De la réappropriation des dons ancestraux pour les un·e·s au retour aux savoirs précoloniaux pour les autres, ces méthodes permettent l’intégration de systèmes de croyances allégeant le poids de la violence des modèles hétéropatriarcaux et capitalistes qui régissent nos sociétés. Mais qu’en est-il du milieu culturel ? Si les artistes expriment le désir d’atteindre un bien-être qui fait écho à ce besoin de guérison collective, comment ces pratiques se manifestent dans ce domaine? Et qu’en sont les répercussions ? Par l’intermédiaire de multiples dispositifs – performance de rituels, introduction à la méditation ou à la thérapie somatique, confection d’autels de recueillement, manipulation de symboles ou de matériaux à connotation religieuse, offre de plantes médicinales et de talismans, ou vidéos archivistiques sur des pratiques immémoriales –, les artistes créent un espace pour se reconstruire. En ces ouvertures contemplatives, la vulnérabilité, le savoir ancestral, la compassion et la tendresse deviennent des catalyseurs décoloniaux.
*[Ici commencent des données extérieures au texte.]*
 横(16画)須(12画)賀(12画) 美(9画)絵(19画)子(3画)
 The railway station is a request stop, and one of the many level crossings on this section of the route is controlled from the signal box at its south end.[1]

À mesure que l’appropriation de pratiques et de préceptes spirituels et médicinaux autrefois condamnés et méprisés gagne du terrain dans notre culture contemporaine, nombre de questions voient le jour. Quel est le rôle de ces traditions  à notre époque ? Qu’activent-elles et que nourrissent-elles au sein de notre tissu social ? Quels sont les disciplines ou les courants artistiques qui, en passant par l’ésotérisme et les méthodes de guérison alternatives, participent à la production de nouveaux langages transformateurs ? Plus qu’une simple tendance, cette métamorphose culturelle est profondément enracinée dans le réengagement d’une pratique de soin personnel qui, par extension, devient communautaire. Elle inclut aussi l’émancipation des peuples historiquement dépossédés et leurs revendications de souveraineté territoriale et physique. L’occultisme génère des canaux spirituels transformant nos récits de science-fiction en réalité, tout en répondant à un désir profond d’affectivité.
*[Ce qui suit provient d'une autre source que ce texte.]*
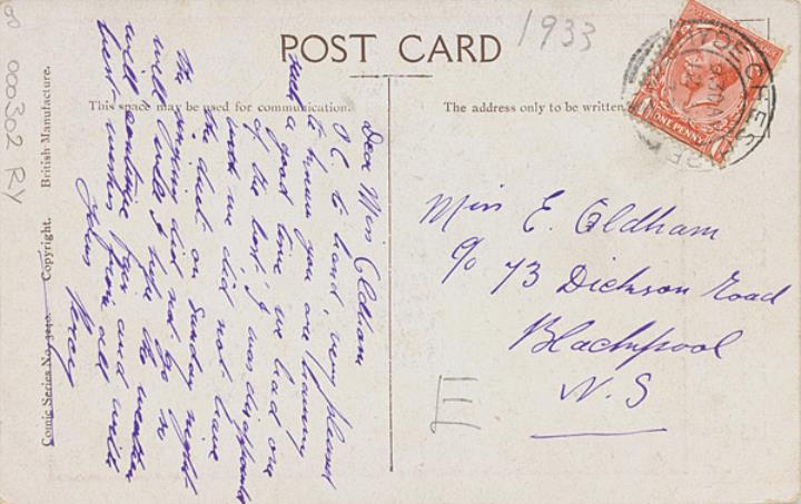 Illustrierte Postkarte; Grafik, polychrom; Comic Series Nr. 3240 Rückseite: Büroszene; Sekretärin mit Schreibmaschine, umgeben von männlichen Mitarbeitern Vorderseite: beschrieben; adressiert an Miss Oldham, Blackpool; Briefmarke Postage Revenue (U.K.) One Penny; Poststempel Hydecheshire/12 SP 1933

Cet appel de textes vise à recueillir des points de vue divers sur la genèse ou les nombreux débats qui entourent l’intégration de la médecine alternative, de la sorcellerie et de l’ésotérisme dans les pratiques artistiques féministes et queer, entre autres, mais aussi à approfondir la compréhension de leur portée sociale et de leur rôle politique dans notre époque en constante évolution.


Toutes les soumissions pour le dossier doivent comprendre une note d’intention en lien avec la thématique, incluant le sujet visé et l’angle d’écriture souhaité (entre 350 et 500 mots), trois extraits de textes antérieurs (publiés ou non) ainsi qu’une courte biographie de l’autrice ou de l’auteur (25 mots). Les documents doivent être fournis en un seul PDF respectant la nomenclature « NOM_appel_DT276 », à info@viedesarts.com avant le 20 mai 2024.
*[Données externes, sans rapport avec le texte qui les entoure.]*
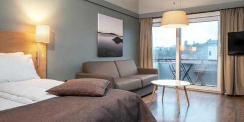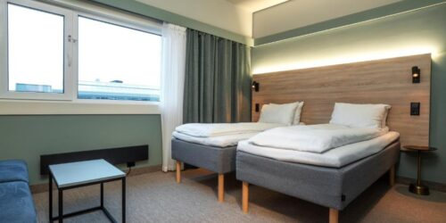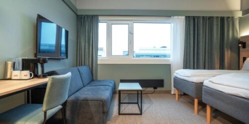 Alle rommene på Thon Hotel Kristiansand har skrivebord og eget bad med dusj. Noen av rommene kan også skilte med balkong.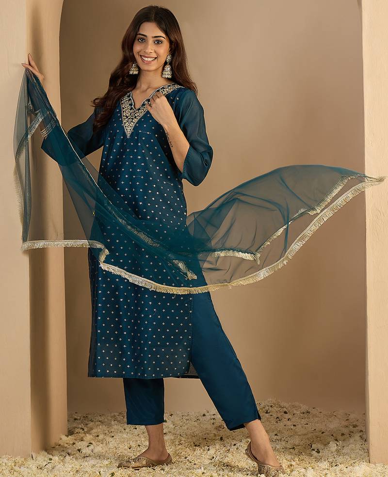 • Product Id : 4713394 • Package Details : 1 Top/1 Bottom/1 Dupatta • Type : Kurta Sets • Work : Embroidered • Look : Designer • Sleeve : Quarter Sleeve • Neck Style : V Neck • Fabric : Chanderi • Color : Blue • Stitching : Stitched Payments [+]

[1] Pamela J. Grossman, « The Year of the Witch », Huffington Post (15 juillet 2013, mis à jour le 14 septembre 2013), https://www.huffpost.com/entry/the-year-of-the-witch_b_3599081.

[2] Traduction libre. « [The] act of witching is about putting our attention behind our intentions. And being willing to invite and shape the unseen forces of the world […] to align with the highest good for ourselves and the whole. » adrienne maree brown, « Introduction », dans Fables and Spells. Collected and New Short Fiction and Poetry (Chico : AK Press, 2022), p. 1.